QC Checkpoint: Decontamination

# Gate: verify contaminant ASVs were removed from real samples
n_before <- ntaxa(ps)
n_after <- ntaxa(ps_clean)
message(sprintf('ASVs removed as contaminants: %d (%.1f%%)',
                n_before - n_after, (n_before - n_after) / n_before * 100))
if ((n_before - n_after) / n_before > 0.5) {
    message('WARNING: >50% ASVs flagged as contaminants. Review decontam threshold.')
}

Step 5: Taxonomy Assignment

OBITools3 (ecotag)

# ecotag assigns taxonomy using LCA algorithm against reference database
# Reference databases: EMBL, BOLD, MIDORI2, UNITE (marker-dependent)
obi ecotag -R reads/refdb --taxonomy reads/taxonomy reads/cleaned reads/assigned

# Filter by assignment quality (species-level for COI)
obi grep -p 'sequence["best_identity"] >= 0.97' reads/assigned reads/filtered_assigned

obi export --tab-output reads/filtered_assigned > taxonomy_results.tsv

DADA2 (assignTaxonomy)

# SILVA for 16S/18S, UNITE for ITS, custom for COI/12S
# Reference databases must be formatted for DADA2
# minBoot 50: minimum bootstrap confidence; 80 for more conservative assignments
taxa <- assignTaxonomy(seqtab_nochim, 'reference_db.fa.gz', multithread = TRUE, minBoot = 50)
taxa <- addSpecies(taxa, 'species_db.fa.gz')

Marker-specific taxonomy databases

Marker	Database	Typical Assignment Rate
COI	BOLD / Midori2	>90% to phylum, 60-80% to species
12S	MitoFish / 12S-seqdb	>90% to family for fish
ITS	UNITE	>80% to genus for fungi
rbcL	GenBank / NCBI nt	>85% to family for plants
18S	SILVA / PR2	>90% to phylum

QC Checkpoint: Taxonomy

# Gate: assignment rate should meet marker expectations
assigned <- !is.na(taxa[, 'Phylum'])
assignment_rate <- sum(assigned) / length(assigned) * 100
message(sprintf('Taxonomy assignment rate (phylum level): %.1f%%', assignment_rate))
if (assignment_rate < 60) message('WARNING: Low assignment rate.

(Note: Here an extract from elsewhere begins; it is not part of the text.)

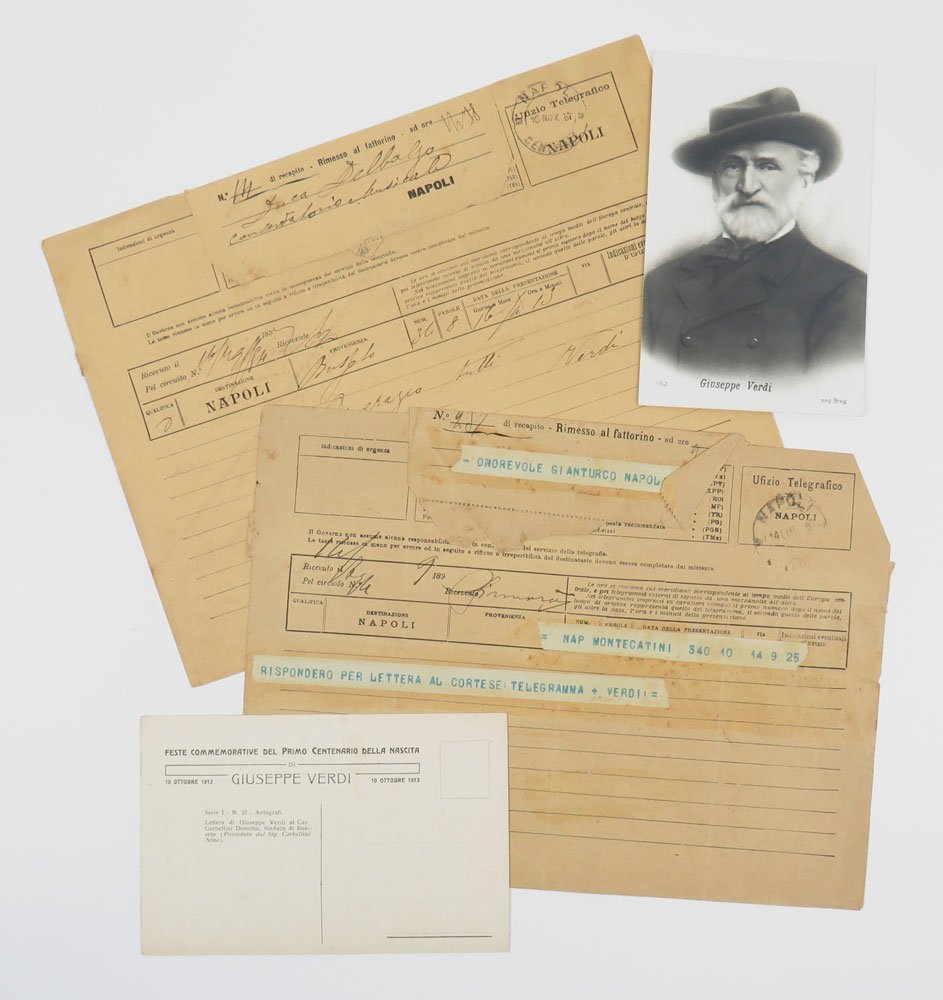 Insieme di 14 buste viaggiate con indirizzi manoscritti autografi, 2 telegrammi (non autografi) e due cartoline fotografiche commemorative di Giuseppe Verdi

Check reference database completeness.')

Step 6: Diversity Analysis

R (iNEXT)

library(iNEXT)

otu_matrix <- as(otu_table(ps_clean), 'matrix')

# Hill numbers: q=0 (richness), q=1 (Shannon diversity), q=2 (Simpson diversity)
# endpoint: extrapolation to 2x observed sample size
inext_out <- iNEXT(as.list(as.data.frame(t(otu_matrix))),
                   q = c(0, 1, 2), datatype = 'abundance',
                   endpoint = 2 * max(rowSums(otu_matrix)))

# Sample completeness: fraction of estimated diversity observed
completeness <- inext_out$DataInfo$SC
message(sprintf('Sample completeness range: %.1f%% - %.1f%%',
                min(completeness) * 100, max(completeness) * 100))

QC Checkpoint: Diversity

# Gate 1: rarefaction approaching asymptote
if (min(completeness) < 0.80) {
    message('WARNING: Some samples have low completeness (<80%). Deeper sequencing recommended.')
}

# Gate 2: reasonable richness estimates
q0_estimates <- inext_out$AsyEst[inext_out$AsyEst$Diversity == 'Species richness', ]
message(sprintf('Estimated richness range: %d - %d species',
                min(q0_estimates$Estimator), max(q0_estimates$Estimator)))

Step 7: Community Comparison

R (vegan + indicspecies)

library(vegan)
library(indicspecies)

otu_matrix <- as(otu_table(ps_clean), 'matrix')
env_data <- as(sample_data(ps_clean), 'data.frame')

# Hellinger transformation: standard for community composition data
# Reduces influence of dominant species
otu_hell <- decostand(otu_matrix, method = 'hellinger')

# DCA on untransformed data to determine gradient length
dca <- decorana(otu_matrix)
gradient_length <- diff(range(scores(dca, display = 'sites', choices = 1)))
message(sprintf('DCA gradient length: %.2f SD', gradient_length))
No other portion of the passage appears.